In response to the energy price surge following Russia’s invasion of Ukraine, the Spanish Government introduced a fuel subsidy to alleviate the impact of the price hike on consumers. The paper by Juan Luis Jiménez, Jordi Perdiguero and José Manuel Cazorla-Artiles estimates the pass-through of this subsidy to petrol consumer prices. Employing a difference-in-differences approach and comparing Spain with other EU countries that did not implement similar measures as a control group, Juan Luis, Jordi, and José Manuel estimate that the pass-through rate was around 75% for diesel, and almost full for petrol 95. Their analysis thus reveals that a significant part of the total subsidy cost for diesel was retained by fuel companies, raising questions about the efficiency of such interventions.
Another fiscal intervention approved by the Spanish Government to mitigate the impact of rising energy prices was the temporary value added tax (VAT) rate reduction for selected products in January 2023. The paper by Nicolas Forteza, Elvira Prades and Marc Roca estimates the pass-through of this VAT cut to consumer prices by exploiting a novel dataset with daily prices of roughly 21.000 food products sold on-line in a Spanish supermarket. Nicolas, Elvira, and Marc identify the pass-through by comparing the evolution of prices for treated items subject to the VAT cut against a control group not affected by the cut. According to their estimates, the pass-through was almost complete after one week, while there is significant heterogeneity across products in the estimated pass-through and pricing strategy in subsequent weeks.
Finally, turning to the NGEU program, the paper by Rubén Domínguez-Díaz, Samuel Hurtado, and Carolina Menéndez introduces a general equilibrium model with endogenous growth and firm dynamics to assess its medium-term macroeconomic effects in Spain. The model, calibrated using both aggregate and firm-level data, simulates the impact of various NGEU components, including public investment, private capital transfers, and innovation subsidies. Rubén, Samuel, and Carolina find that the program could significantly raise annual GDP growth—between 0.08 and 0.13 percentage points—through indirect channels beyond the direct fiscal impact. Productivity gains, driven by innovation-related transfers and efficient public investment, emerge as key channels through which the fiscal stimulus enhances aggregate output in the medium-term.

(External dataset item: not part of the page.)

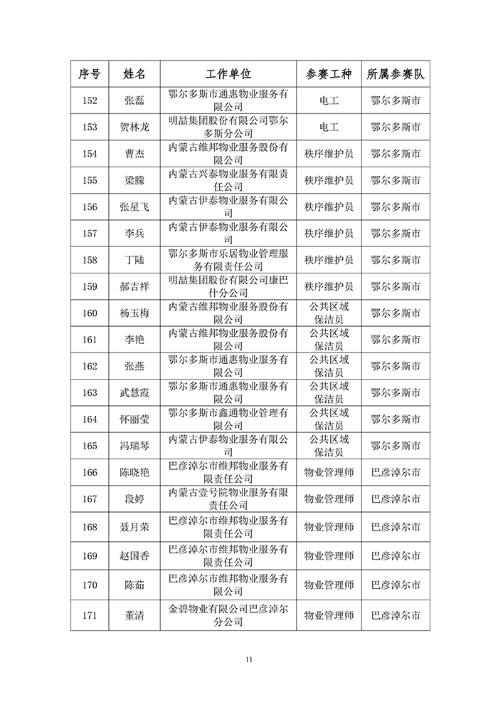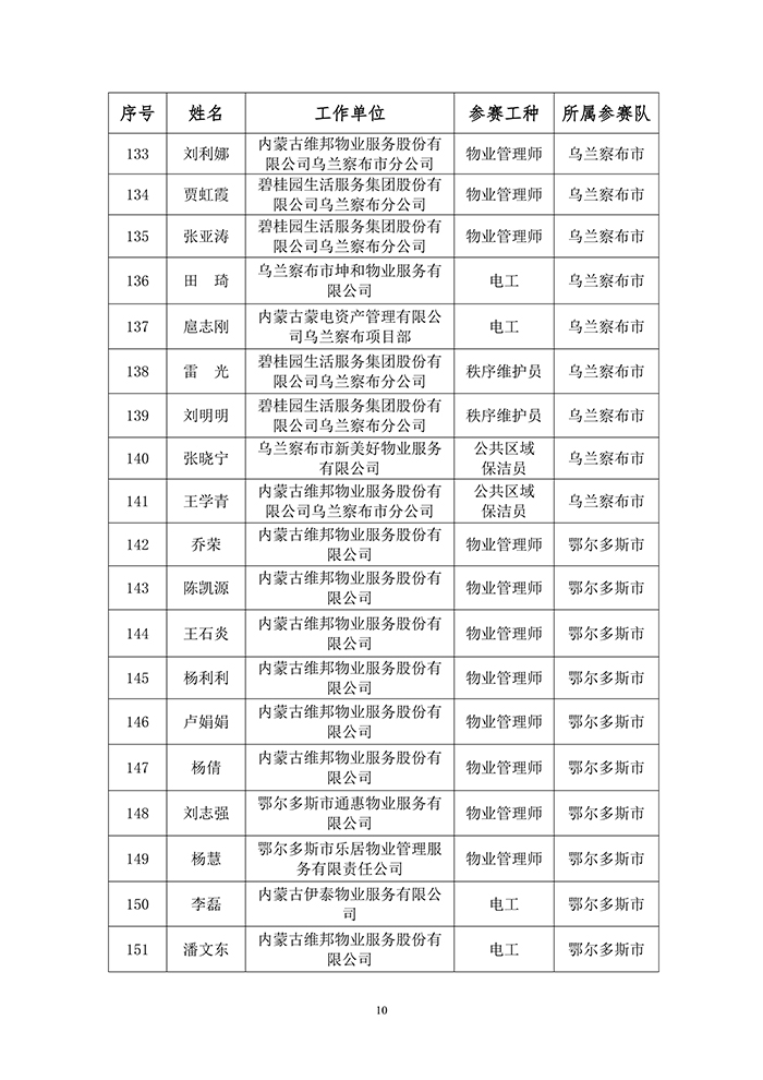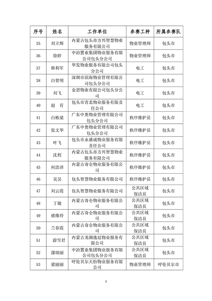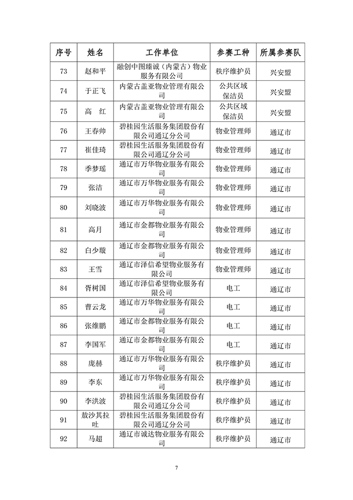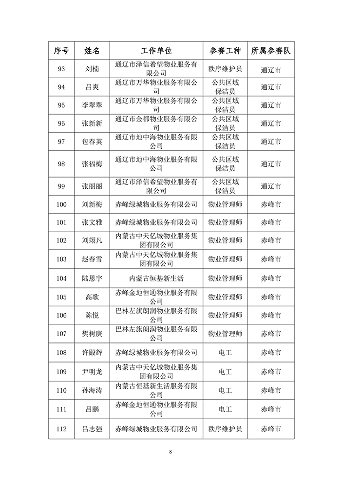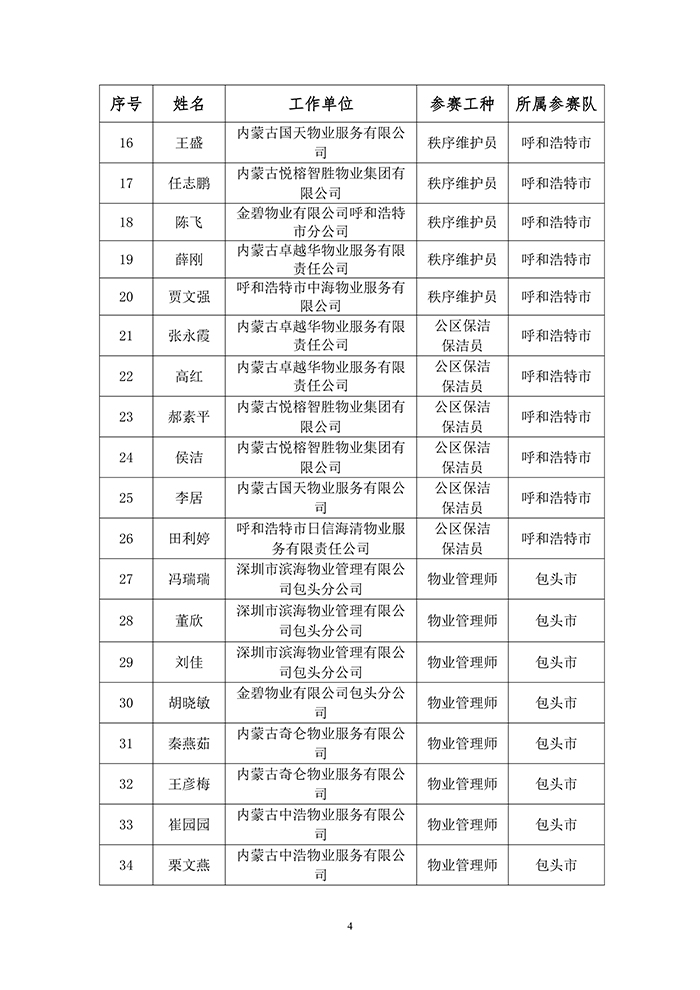 关于对全区物业管理行业职工职业技能比赛暨第六届内蒙古自治区物业管理服务技能大赛参赛选手及裁判员名单的公示

We hope that the contributions in this Special Issue offer new insights into the economic and policy responses to the recent supply driven shocks associated to the COVID-19 pandemic and the energy crisis, as well as the policy innovations that have emerged in their wake. We also hope that readers find these articles both thought-provoking and interesting, and that they serve as a catalyst for further research in these areas.